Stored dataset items
• • • •

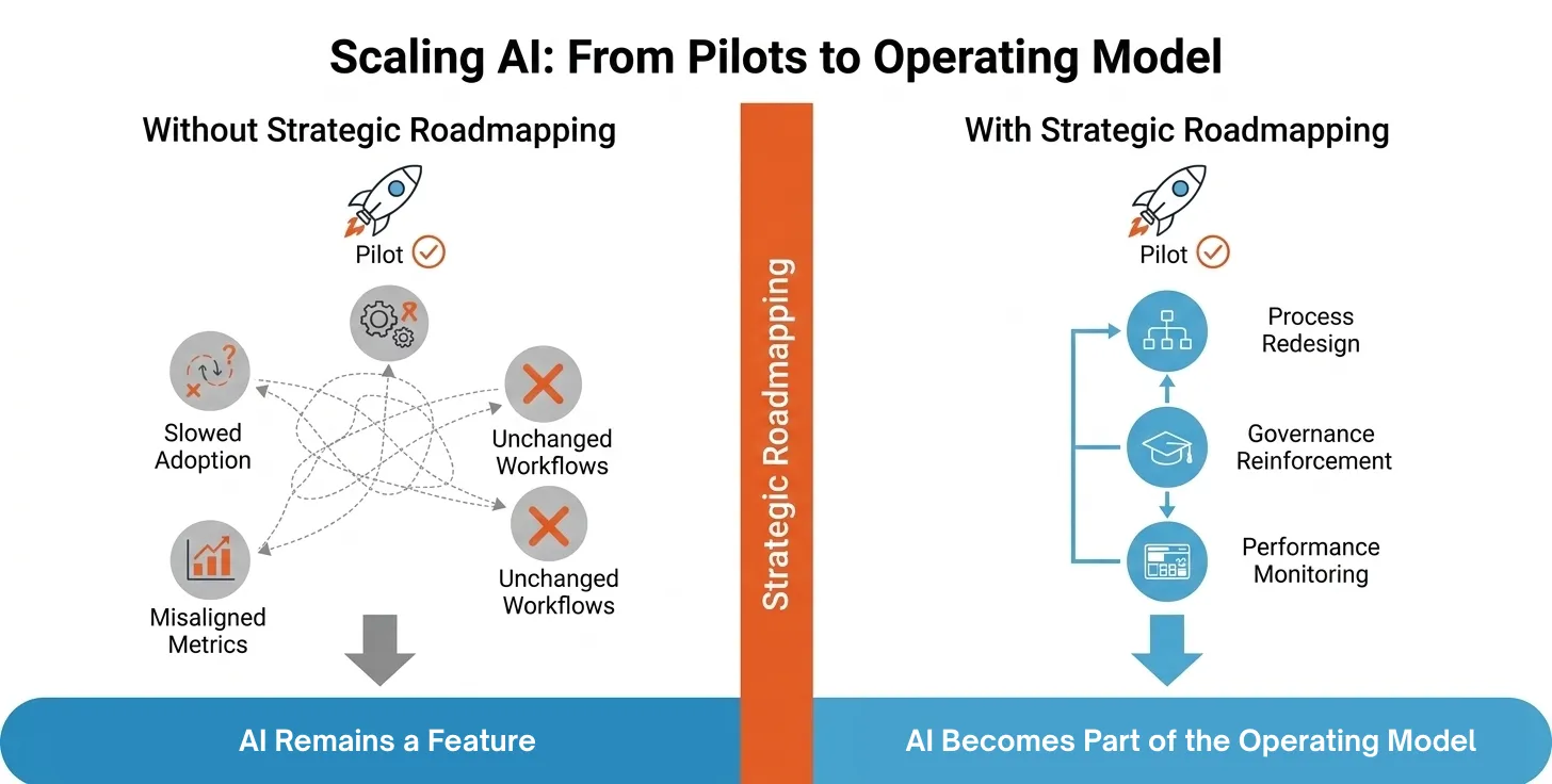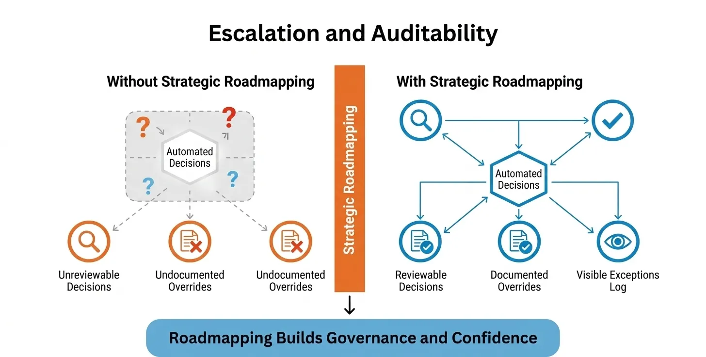 Strategic roadmapping clarifies the boundaries of automation before deployment. It defines review processes, override authority, and performance ownership in advance.
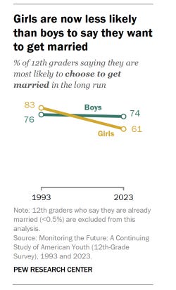 The chart from Pew’s 12th grade girls are less likely than boys to say they want to get married someday (11/14/2025) is fascinating. Over a 30-year period, that is a large decline in girls' views on marriage.
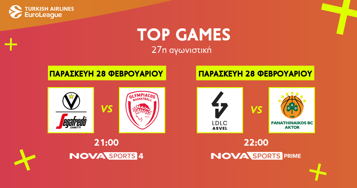 Η EuroLeague η κορυφαία ευρωπαϊκή διασυλλογική διοργάνωση στο χώρο του μπάσκετ, επιστρέφει στην αγωνιστική δράση μετά από διακοπή δύο εβδομάδων και οι συνδρομητές της Nova ετοιμάζονται να απολαύσουν τις αναμετρήσεις της 27ς αγωνιστικής Βίρτους Μπολόνια – Ολυμπιακός (28/2, 21:00), Βιλερμπάν – Παναθηναϊκός AKTOR (28/2, 22:00).
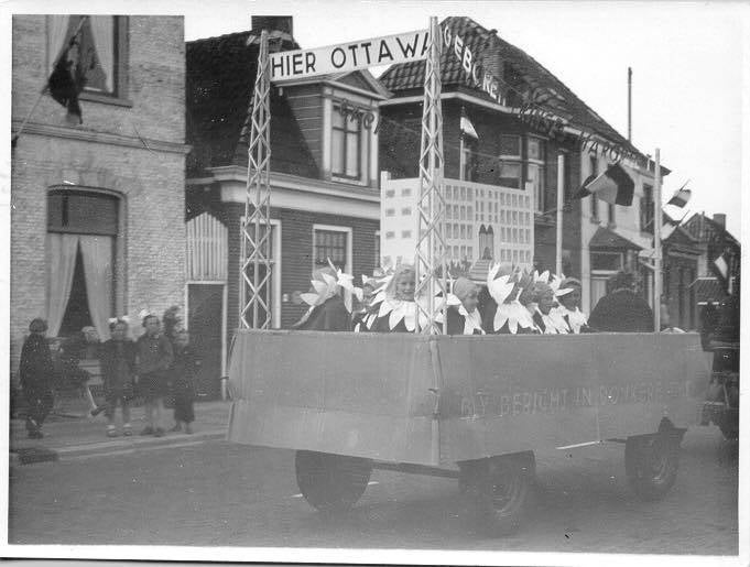 Boven- en onderstaande 5 foto's: Wie kan ons meer vertellen over deze 5 foto's? Zelf denken we dat het een optocht van een bevrijdingsfeest moet zijn. Misschien wel van het jaar 1955.
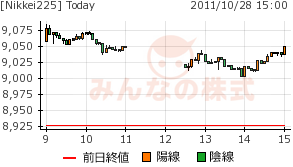 2011/10/28 - minnsann123さんの株式ブログ。タイトル:「10/28 週末でとりあえずメモ」 本文:NKは9000円で下げ止まった。憶測レンジ9000円を超えて、憶測外となったことになる。 NK 画像1 ボックスが上抜けしたかのような、9000円での反騰となった。 為替は$76円、ユーロ
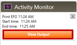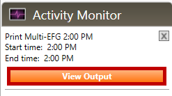 3) The print request progress will display in the Activity Monitor. When complete, click the View Output button (highlighted in red, below).
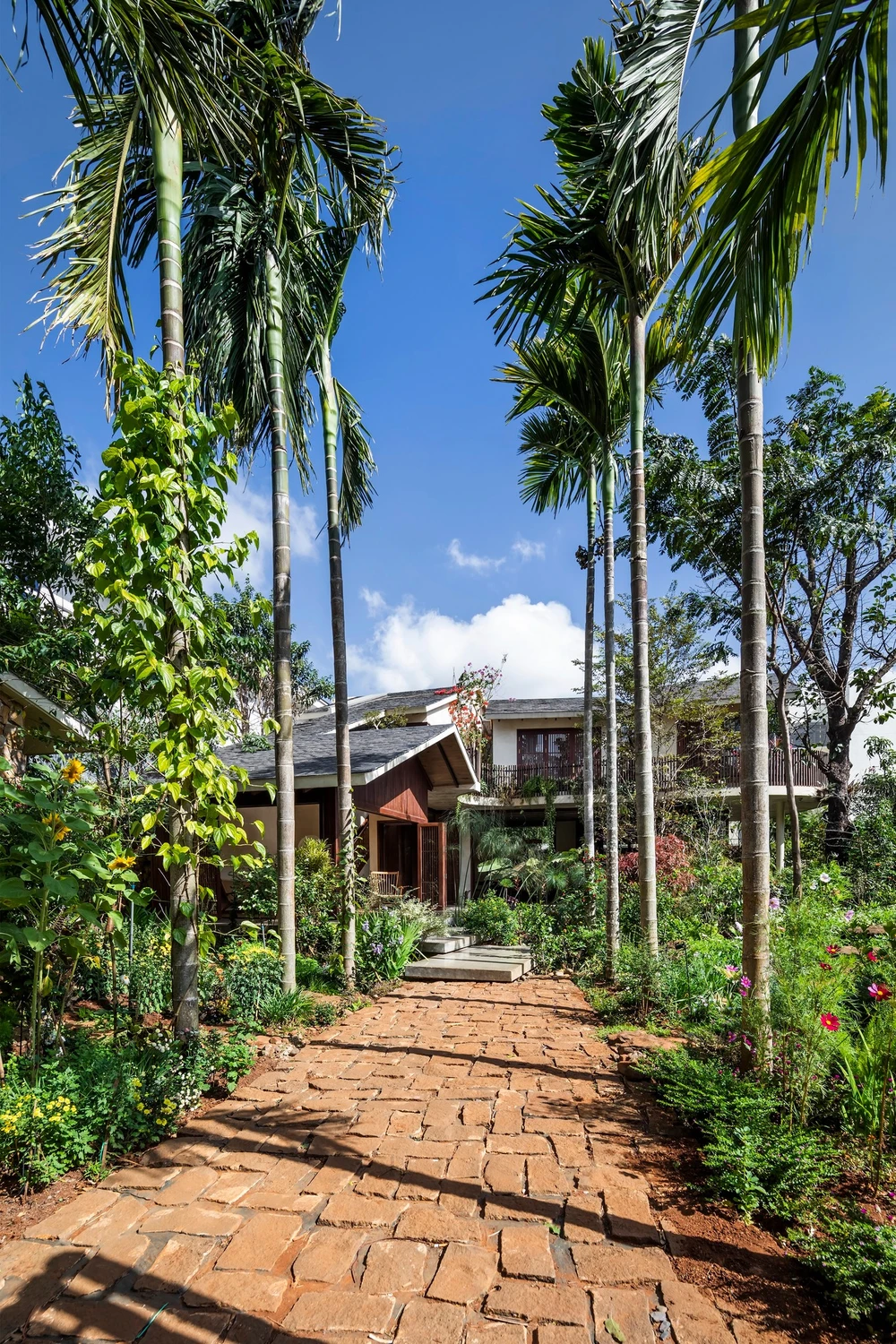 Lối vào nhà được trồng nhiều hoa và hàng cau.
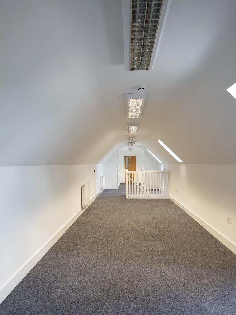 This was a reasonable sized office building that was predominately empty apart from a few items left from previous tenants. The walls had a large number of holes where shelving had been removed and the main reception had one double height wall painted in red. The landlord wanted the entire building returned to a neutral colour and so we painted the entire building in white, using Albany vinyl matt for the walls and ceilings with the woodwork in Johnstones oil based eggshell
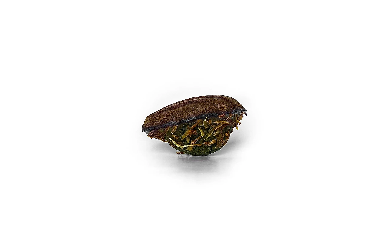 된장을 마들렌에 사용한다고 생각하면 상당히 거부감을 느끼는 사람이 많을 텐데, 된장은 의외로 디저트에 사용해도 제법 좋은 맛을 낸다. 물론, 된장 특유의 쿰쿰한 냄새와 다소 날카로운 풍미는 적당히 조절해야 하지만, 자체의 구수한 풍미와 짠맛은 충분히 매력적인 요소가 될 수 있다. 된장은 오븐에 한 번 구워서 사용했는데, 된장을 굽게 되면 혹시나 된장에 있을 수 있는 떫거나 쓴맛이 휘발되고, 된장 내 아미노산과 당분이 가열되면서 좀 더 깊고 구수한 풍미를 느낄 수 있다. 머위는 다른 나물에 비해 쓴맛이 강하기 때문에 한 번 데친 뒤에 찬물에 담가 쓴맛을 빼서 사용했다. 취향에 따라 쓴맛을 전혀 빼지 않고 쓰는 사람도 있는데, 이따금 쓴맛이 너무 강할 때도 있으니 적당히 빼는 것을 추천한다. 쓴맛을 적당히 뺀 머위는 바싹 말려 가루를 내어 구운 된장과 함께 마들렌 반죽에 섞어 주었고, 강된장 특유의 맛을 살리기 위해 바싹하게 말린 양파와 버섯을 마들렌 반죽 위에 올려주었다.

• • • •

Task description:
Start with the first line of the records above and end with the line containing "This was a reasonable". Output those lines exactly, pictures excluded.

Output:
 Strategic roadmapping clarifies the boundaries of automation before deployment. It defines review processes, override authority, and performance ownership in advance.
 The chart from Pew’s 12th grade girls are less likely than boys to say they want to get married someday (11/14/2025) is fascinating. Over a 30-year period, that is a large decline in girls' views on marriage.
 Η EuroLeague η κορυφαία ευρωπαϊκή διασυλλογική διοργάνωση στο χώρο του μπάσκετ, επιστρέφει στην αγωνιστική δράση μετά από διακοπή δύο εβδομάδων και οι συνδρομητές της Nova ετοιμάζονται να απολαύσουν τις αναμετρήσεις της 27ς αγωνιστικής Βίρτους Μπολόνια – Ολυμπιακός (28/2, 21:00), Βιλερμπάν – Παναθηναϊκός AKTOR (28/2, 22:00).
 Boven- en onderstaande 5 foto's: Wie kan ons meer vertellen over deze 5 foto's? Zelf denken we dat het een optocht van een bevrijdingsfeest moet zijn. Misschien wel van het jaar 1955.
 2011/10/28 - minnsann123さんの株式ブログ。タイトル:「10/28 週末でとりあえずメモ」 本文:NKは9000円で下げ止まった。憶測レンジ9000円を超えて、憶測外となったことになる。 NK 画像1 ボックスが上抜けしたかのような、9000円での反騰となった。 為替は$76円、ユーロ
 3) The print request progress will display in the Activity Monitor. When complete, click the View Output button (highlighted in red, below).
 Lối vào nhà được trồng nhiều hoa và hàng cau.
 This was a reasonable sized office building that was predominately empty apart from a few items left from previous tenants. The walls had a large number of holes where shelving had been removed and the main reception had one double height wall painted in red. The landlord wanted the entire building returned to a neutral colour and so we painted the entire building in white, using Albany vinyl matt for the walls and ceilings with the woodwork in Johnstones oil based eggshell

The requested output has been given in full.